Exercise prompt —
If an entry holds a picture, leave that picture out. Give everything else again exactly.

::: Supplied material :::

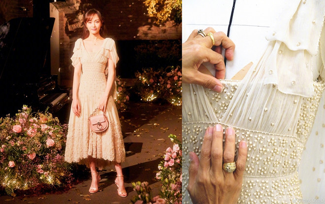 Ngoài ra, chiếc váy mà cô dâu Đường Yên diện trong buổi tiệc chào mừng quan khách trước khi lễ cưới chính thức diễn ra, cũng có lai lịch rất đặc biệt. Bộ váy này do đích thân giám đốc sáng tạo của thương hiệu Chloé thiết kế. Váy được may bằng chất liệu ren, đính rất nhiều hạt ngọc trai cũng như họa tiết thêu thủ công. Các nghệ nhân đã làm váy này trong 650 giờ (khoảng 27 ngày).
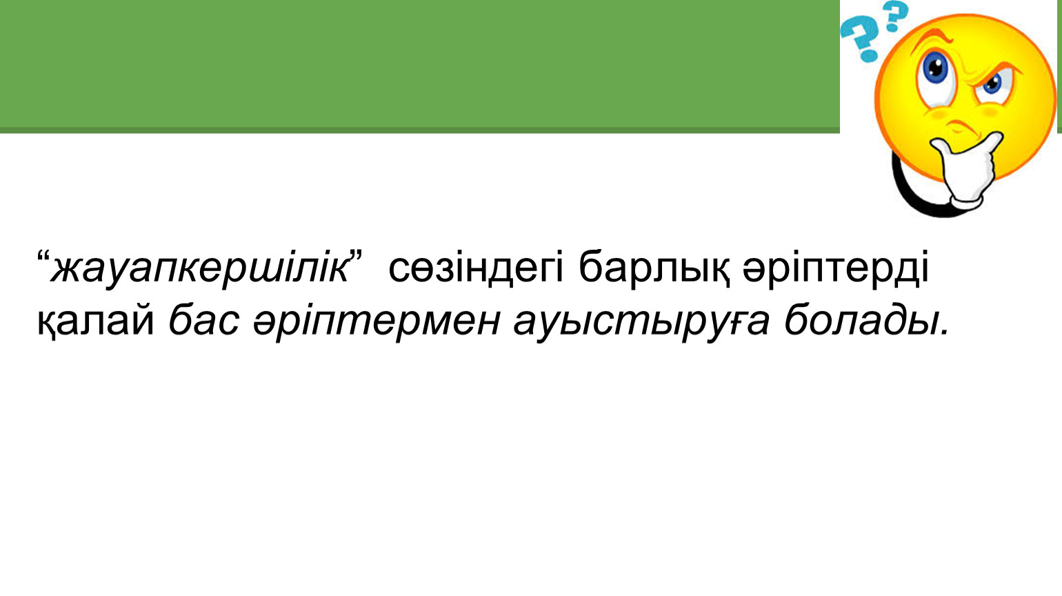 жауапкершілік” сөзіндегі барлық әріптерді қалай бас әріптермен ауыстыруға болады.
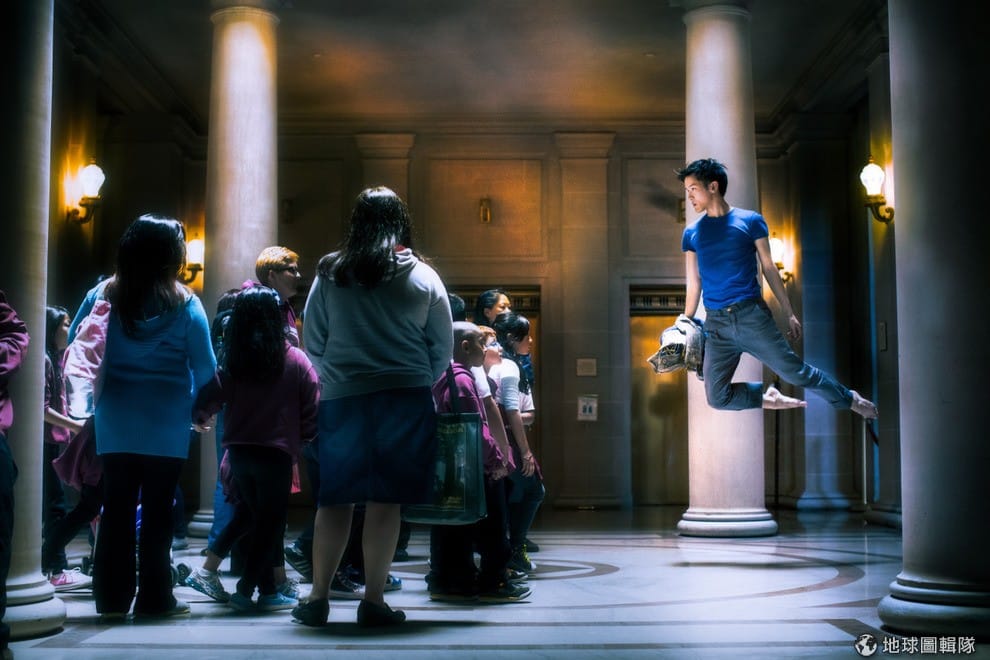網友一群小朋友與周楷在博物館中面面相覷,畫面宛如靜止一般。Photo credit: 周楷
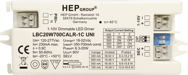 HEP LED Treiber, Konstantstrom, dimmbar, 350-700mA per DIP, 20W (1-10V)
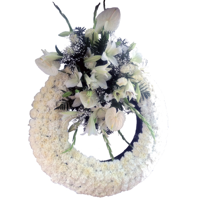 Descripcion: Corona Funeraria realizada con claveles blancos y cabecero formado por Anthurium, Lilium longiflorum, Gladiolo, Margarita, acompañanadas con verdes variados. Precio final (Impuestos y gastos de envio en la ciudad de Cartagena y Periferia incluidos en el precio). Se lo podemos entregar hoy o el dia que usted elija. Si desea que lo enviemos a cualquier otro lugar de la provincia de Murcia, consultenos por telefono el coste de dicho envioGama de precios: 180 € a 180 €
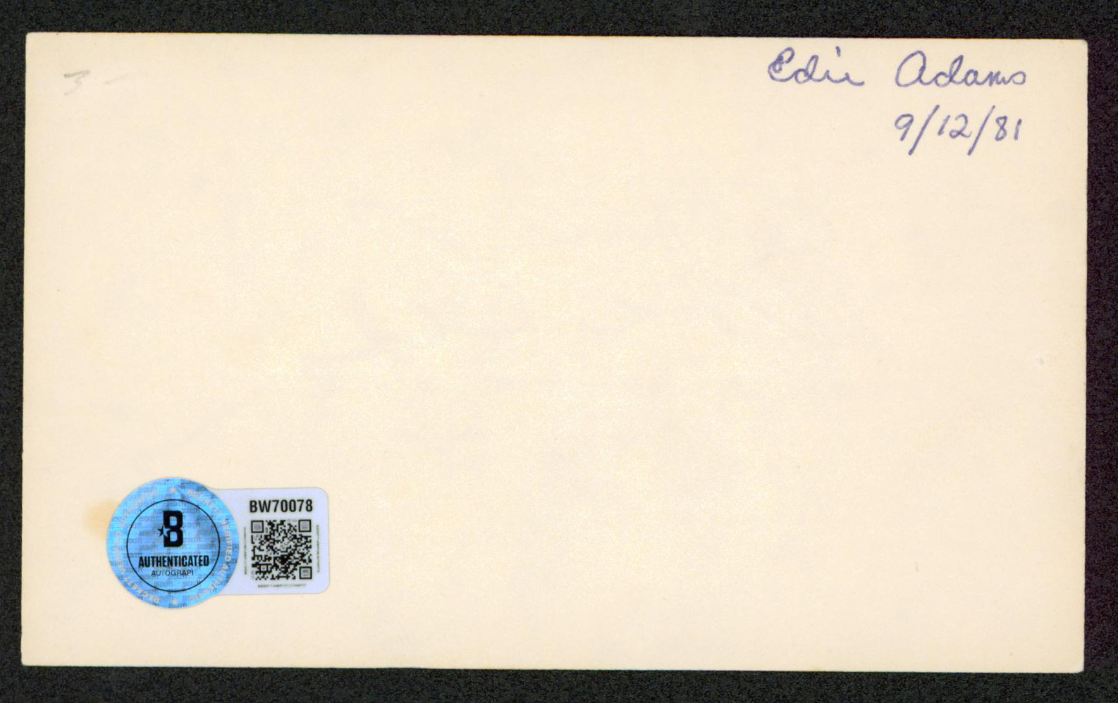 This Autographed 3x5 Index Card has been Personally Signed by Edie Adams of It's a Mad, Mad, Mad, Mad World. This item is 100% Authentic to include a hologram by Beckett Authentication Services. This item will come with an affixed Beckett Authentication Services (BAS) authentication sticker, which includes a scannable QR code to verify authenticity. Please note that Beckett no longer provides serial-numbered COA cards, and the attached BAS sticker will serve as the complete authentication for this item. The authenticity can be verified on Beckett Authentication Services website.
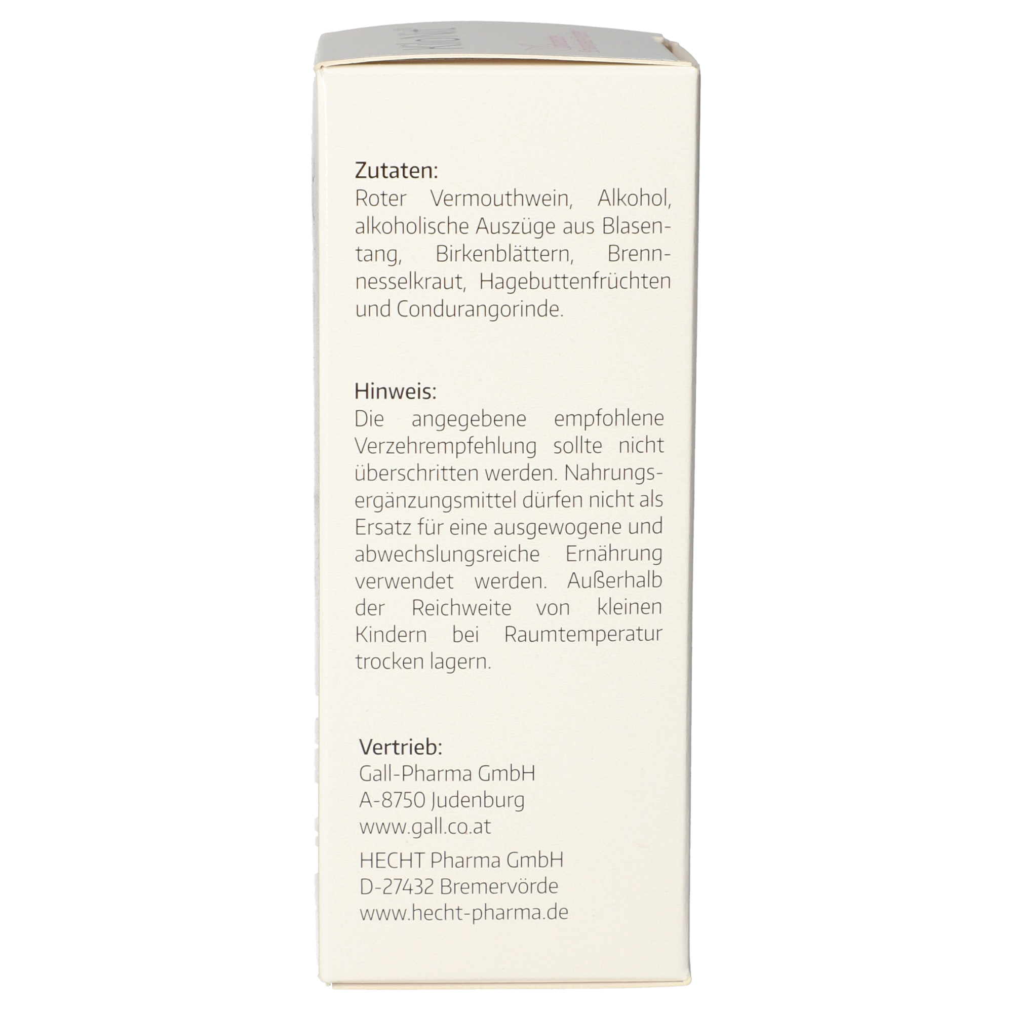 Roter Vermouthwein, Alkohol, alkoholische Auszüge aus Blasentang, Birkenblättern, Brennnesselkraut, Hagebuttenfrüchten, Condurangorinde

:::

Worked solution —
 Ngoài ra, chiếc váy mà cô dâu Đường Yên diện trong buổi tiệc chào mừng quan khách trước khi lễ cưới chính thức diễn ra, cũng có lai lịch rất đặc biệt. Bộ váy này do đích thân giám đốc sáng tạo của thương hiệu Chloé thiết kế. Váy được may bằng chất liệu ren, đính rất nhiều hạt ngọc trai cũng như họa tiết thêu thủ công. Các nghệ nhân đã làm váy này trong 650 giờ (khoảng 27 ngày).
 жауапкершілік” сөзіндегі барлық әріптерді қалай бас әріптермен ауыстыруға болады.
網友一群小朋友與周楷在博物館中面面相覷,畫面宛如靜止一般。Photo credit: 周楷
 HEP LED Treiber, Konstantstrom, dimmbar, 350-700mA per DIP, 20W (1-10V)
 Descripcion: Corona Funeraria realizada con claveles blancos y cabecero formado por Anthurium, Lilium longiflorum, Gladiolo, Margarita, acompañanadas con verdes variados. Precio final (Impuestos y gastos de envio en la ciudad de Cartagena y Periferia incluidos en el precio). Se lo podemos entregar hoy o el dia que usted elija. Si desea que lo enviemos a cualquier otro lugar de la provincia de Murcia, consultenos por telefono el coste de dicho envioGama de precios: 180 € a 180 €
 This Autographed 3x5 Index Card has been Personally Signed by Edie Adams of It's a Mad, Mad, Mad, Mad World. This item is 100% Authentic to include a hologram by Beckett Authentication Services. This item will come with an affixed Beckett Authentication Services (BAS) authentication sticker, which includes a scannable QR code to verify authenticity. Please note that Beckett no longer provides serial-numbered COA cards, and the attached BAS sticker will serve as the complete authentication for this item. The authenticity can be verified on Beckett Authentication Services website.
 Roter Vermouthwein, Alkohol, alkoholische Auszüge aus Blasentang, Birkenblättern, Brennnesselkraut, Hagebuttenfrüchten, Condurangorinde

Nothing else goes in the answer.